Exercise description —
When you write out the records, keep every word exact and drop the pictures.

Input data —
-=-=-=-=-

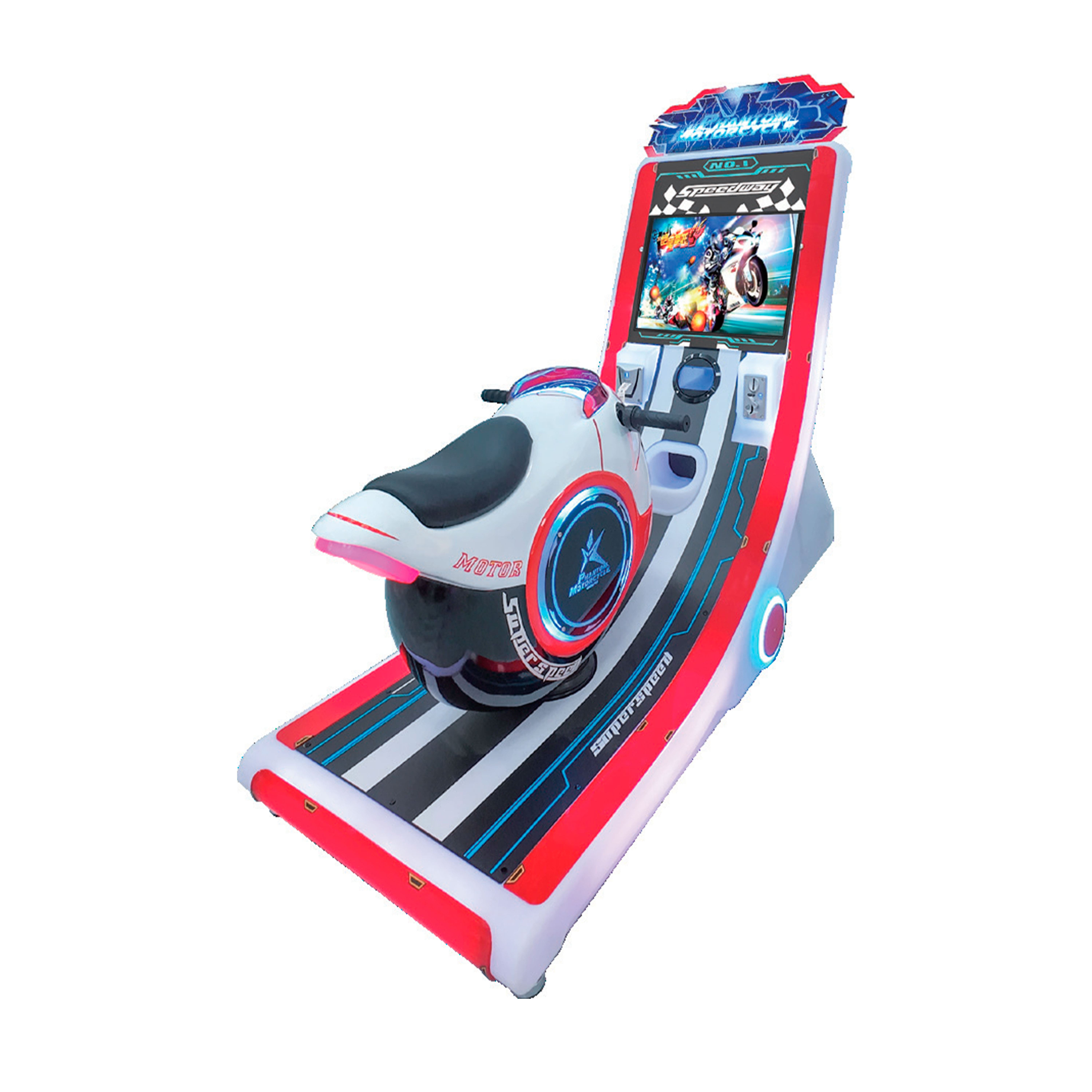 Посадка в стиле спортбайка, наклоны корпуса и отзывчивое управление создают эффект настоящего заезда, усиливая азарт и эмоциональное погружение. Игровой процесс строится на соревновательных гонках с различными трассами и заданиями, поддерживается режим сетевой игры и рейтинг участников. Компактные габариты позволяют эффективно интегрировать автомат даже в пространства с ограниченной площадью, не теряя визуальной выразительности и сценического присутствия.
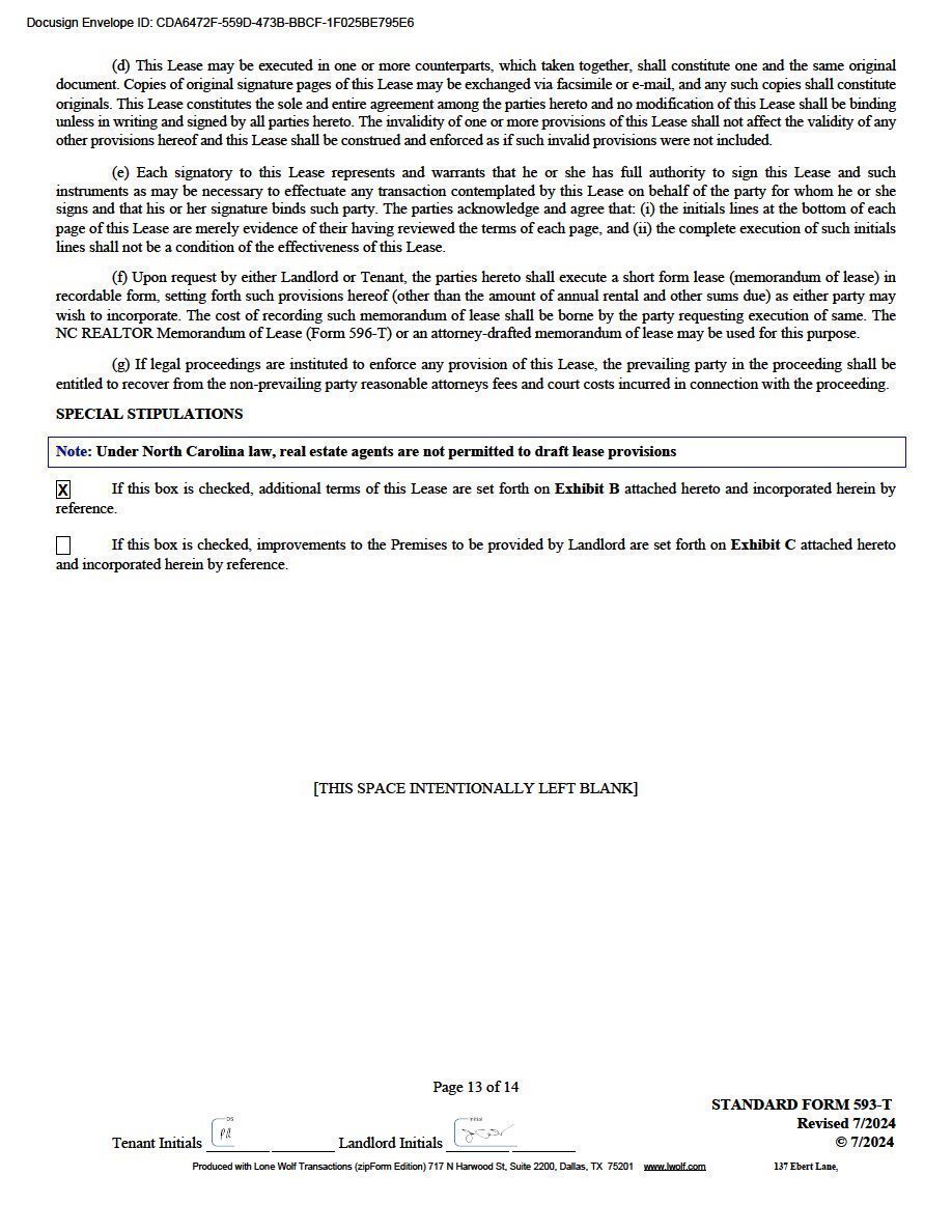 Tenant acknowledges receipt of un-signed and un-recorded copies of the Declaration of Park 35 Condominium and the Park 35 Condominium Plat to be filed in the Register of Deeds for Iredell County, North Carolina, in substantially the same forms as received by Tenant, the Bylaws of Park 35 Condominium Owners Association, Inc., and the Rules and Regulations and Sign Standards applicable to the Premises (collectively, the “Condominium Documents”), and Tenant acknowledges that the Premises is subject in all respects to the provisions of the Condominium Documents and Tenant agrees to comply with the terms thereof.
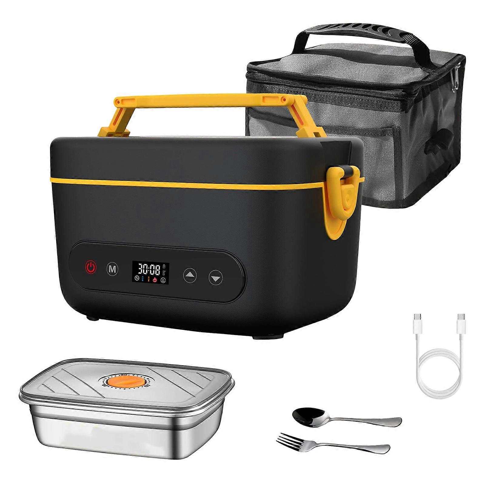 Wireless Food Heating Box Shockproof Stainless Steels Construction Inner Pot Lunch Warmer Outdoor Cooking Essential Black and yellow
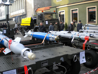 Poznan celebrated Poland’s 5 years of flying F-16s today.  We left our apartment near Lake Malta a little before noon and headed to the Stary Rynek (old square) on foot; we thought it would give us plenty of time to walk the two miles before the six ship fly-by scheduled for 1:15.  It was 49 degrees when we headed out and we joked about how we were dressed – me with a heavy sweater, Ed wearing a sweatshirt. After all, it was supposed to get up to 54 today!
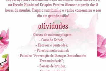 Serão oferecidas diversas atividades para as mulheres da região, como cursos de automaquiagem, corte e escova de cabelo, palestras e sorteio de brindes. Para Negreiros é de extrema importância proporcionar às mulheres um evento como este.
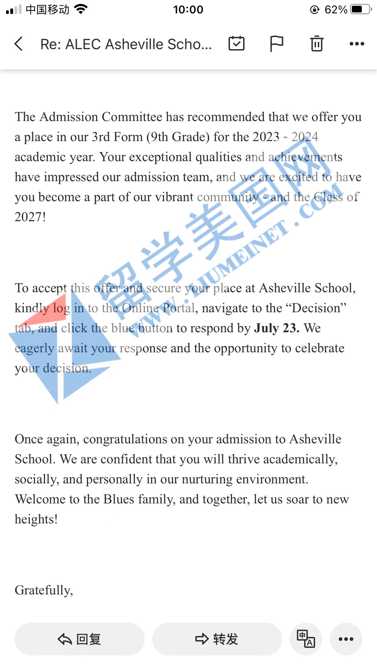 【录取喜报】恭喜留美网学子Z同学成功斩获阿什维尔学校 Asheville School录取offer!
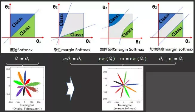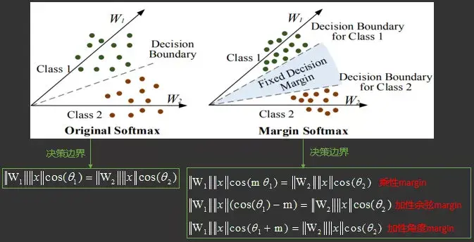 增加角度 Margin 的核心目的是让 softmax 分类的扇形分布更加有利于检索:即为同类更加聚集,不同类更加远离。常见的 3 种增加角度 margin 的策略入下图 25 所示:乘性 margin[10,11],加性余弦 margin[12],加性角度 margin[13]。
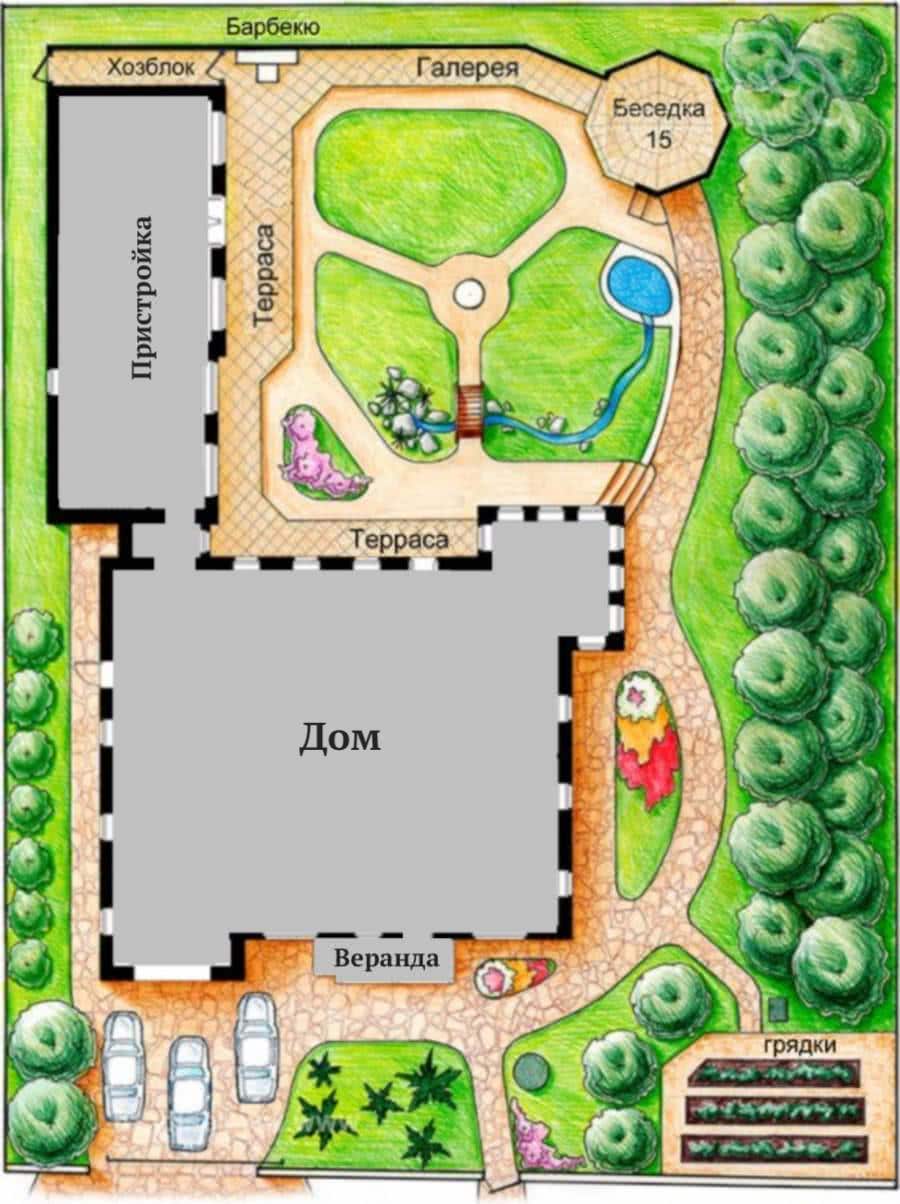 Итак, при проектировании дизайна на участке площадью 6 соток важно определиться, какие объекты наиболее значимы и желаемы для полноценного активного отдыха. Это может быть сад, огород, зона тихого и активного отдыха, летняя кухня под навесом, детская площадка
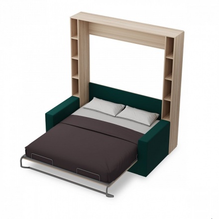 В сложенном виде это шкаф с диваном, в разложенном - кровать. Ширину дивана и шкафа можно выбрать при заказе. Обратите внимание - при ширине 132 см диван имеет одну приспинную подушку, спальное место 90 см по ширине. При ширине 182 и 202 см - диван имеет 2 подушки (как показано на фото).
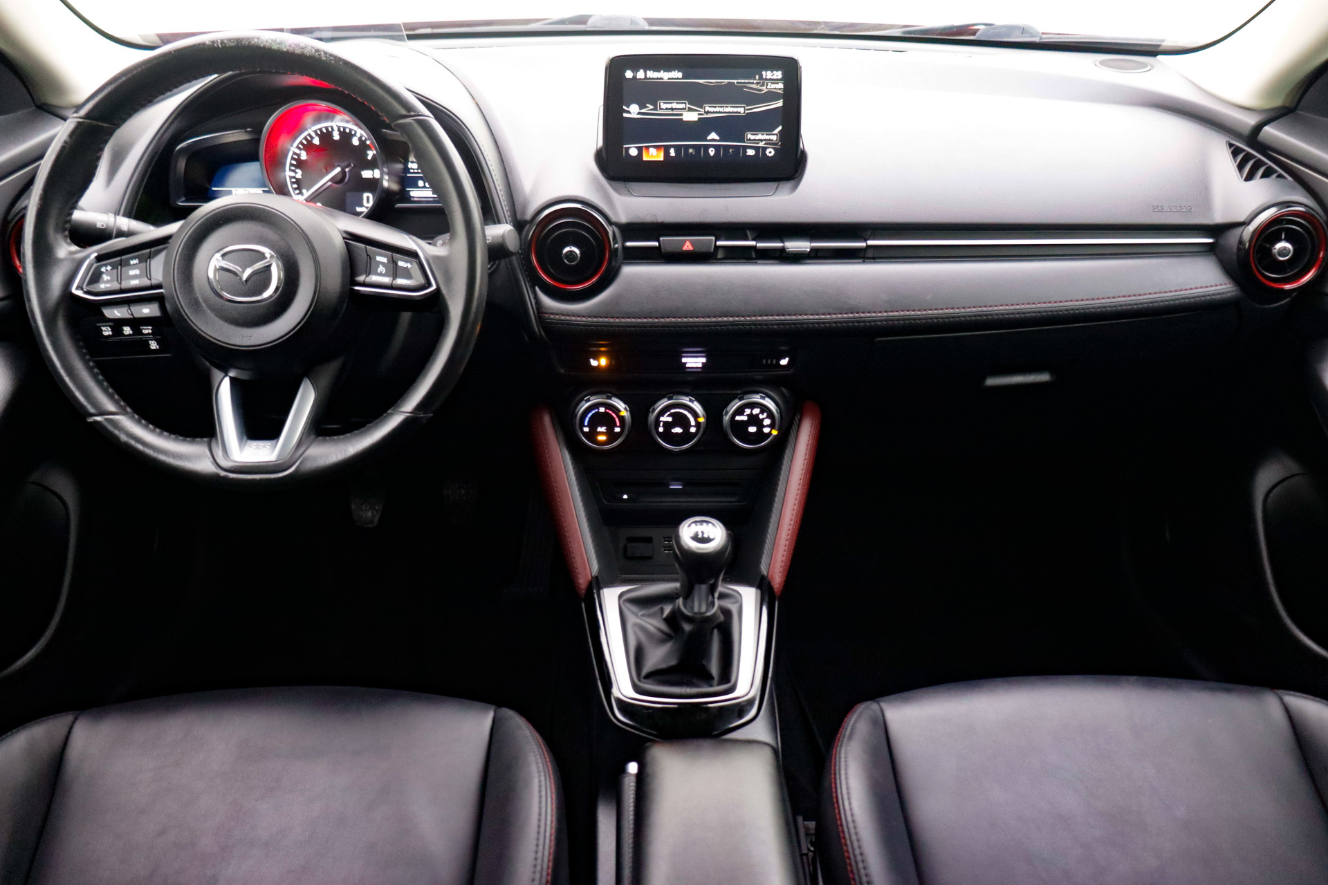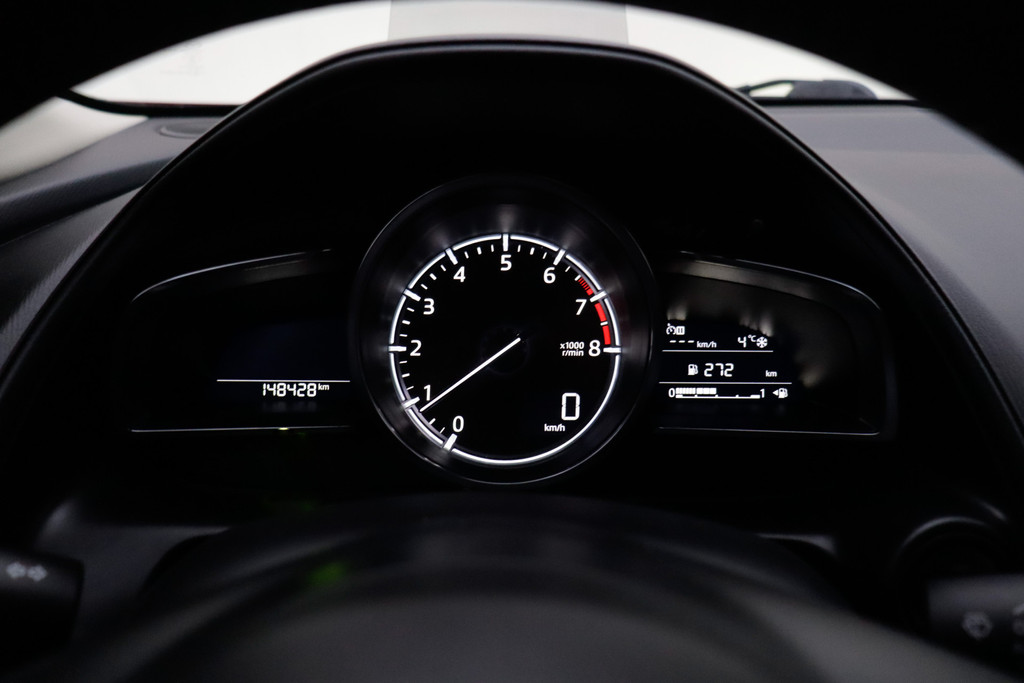 Nooit meer problemen bij achteruitrijden of inparkeren. De achteruitrijcamera houdt alles in de gaten! U bedient het audiosysteem met DAB-radio via knoppen op het stuur of met uw stem. Zo kunt u steeds uw aandacht gericht houden op de weg. Wanneer u links afslaat, analyseert de kruisend verkeer detectie uw rijrichting en anticipeert op mogelijke tegenliggers. Dreigt een aanrijding, dan reageert het systeem direct. De automatische airconditioning zorgt voor een behaaglijk klimaat in de auto. In deze Mazda kunt u zich concentreren op het verkeer, terwijl de auto de omgeving voor u in de gaten houdt. Een automatisch inschakelbare verlichting zorgt dat de verlichting aangaat als het donkerder wordt - in tunnels bijvoorbeeld - en de regensensor schakelt de ruitenwissers in als het nodig is. U hoeft er niets aan te doen. Extra opties op deze auto zijn: cruise control, centrale deurvergrendeling met afstandsbediening, boordcomputer en verstelbaar stuur.
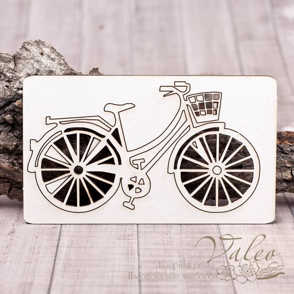 Чіпборд Valeo Велосипед 114*65мм V1243 виготовлений із пивного картону молочного кольору. Товщина картону 1,5 мм. Краї чисті, світло-коричневі. Застосовується як декоративні елементи при виготовленні альбомів, листівок, запрошень

-=-=-=-=-

Expected answer —
 Посадка в стиле спортбайка, наклоны корпуса и отзывчивое управление создают эффект настоящего заезда, усиливая азарт и эмоциональное погружение. Игровой процесс строится на соревновательных гонках с различными трассами и заданиями, поддерживается режим сетевой игры и рейтинг участников. Компактные габариты позволяют эффективно интегрировать автомат даже в пространства с ограниченной площадью, не теряя визуальной выразительности и сценического присутствия.
 Tenant acknowledges receipt of un-signed and un-recorded copies of the Declaration of Park 35 Condominium and the Park 35 Condominium Plat to be filed in the Register of Deeds for Iredell County, North Carolina, in substantially the same forms as received by Tenant, the Bylaws of Park 35 Condominium Owners Association, Inc., and the Rules and Regulations and Sign Standards applicable to the Premises (collectively, the “Condominium Documents”), and Tenant acknowledges that the Premises is subject in all respects to the provisions of the Condominium Documents and Tenant agrees to comply with the terms thereof.
 Wireless Food Heating Box Shockproof Stainless Steels Construction Inner Pot Lunch Warmer Outdoor Cooking Essential Black and yellow
 Poznan celebrated Poland’s 5 years of flying F-16s today.  We left our apartment near Lake Malta a little before noon and headed to the Stary Rynek (old square) on foot; we thought it would give us plenty of time to walk the two miles before the six ship fly-by scheduled for 1:15.  It was 49 degrees when we headed out and we joked about how we were dressed – me with a heavy sweater, Ed wearing a sweatshirt. After all, it was supposed to get up to 54 today!
 Serão oferecidas diversas atividades para as mulheres da região, como cursos de automaquiagem, corte e escova de cabelo, palestras e sorteio de brindes. Para Negreiros é de extrema importância proporcionar às mulheres um evento como este.
 【录取喜报】恭喜留美网学子Z同学成功斩获阿什维尔学校 Asheville School录取offer!
 增加角度 Margin 的核心目的是让 softmax 分类的扇形分布更加有利于检索:即为同类更加聚集,不同类更加远离。常见的 3 种增加角度 margin 的策略入下图 25 所示:乘性 margin[10,11],加性余弦 margin[12],加性角度 margin[13]。
 Итак, при проектировании дизайна на участке площадью 6 соток важно определиться, какие объекты наиболее значимы и желаемы для полноценного активного отдыха. Это может быть сад, огород, зона тихого и активного отдыха, летняя кухня под навесом, детская площадка
 В сложенном виде это шкаф с диваном, в разложенном - кровать. Ширину дивана и шкафа можно выбрать при заказе. Обратите внимание - при ширине 132 см диван имеет одну приспинную подушку, спальное место 90 см по ширине. При ширине 182 и 202 см - диван имеет 2 подушки (как показано на фото).
 Nooit meer problemen bij achteruitrijden of inparkeren. De achteruitrijcamera houdt alles in de gaten! U bedient het audiosysteem met DAB-radio via knoppen op het stuur of met uw stem. Zo kunt u steeds uw aandacht gericht houden op de weg. Wanneer u links afslaat, analyseert de kruisend verkeer detectie uw rijrichting en anticipeert op mogelijke tegenliggers. Dreigt een aanrijding, dan reageert het systeem direct. De automatische airconditioning zorgt voor een behaaglijk klimaat in de auto. In deze Mazda kunt u zich concentreren op het verkeer, terwijl de auto de omgeving voor u in de gaten houdt. Een automatisch inschakelbare verlichting zorgt dat de verlichting aangaat als het donkerder wordt - in tunnels bijvoorbeeld - en de regensensor schakelt de ruitenwissers in als het nodig is. U hoeft er niets aan te doen. Extra opties op deze auto zijn: cruise control, centrale deurvergrendeling met afstandsbediening, boordcomputer en verstelbaar stuur.
 Чіпборд Valeo Велосипед 114*65мм V1243 виготовлений із пивного картону молочного кольору. Товщина картону 1,5 мм. Краї чисті, світло-коричневі. Застосовується як декоративні елементи при виготовленні альбомів, листівок, запрошень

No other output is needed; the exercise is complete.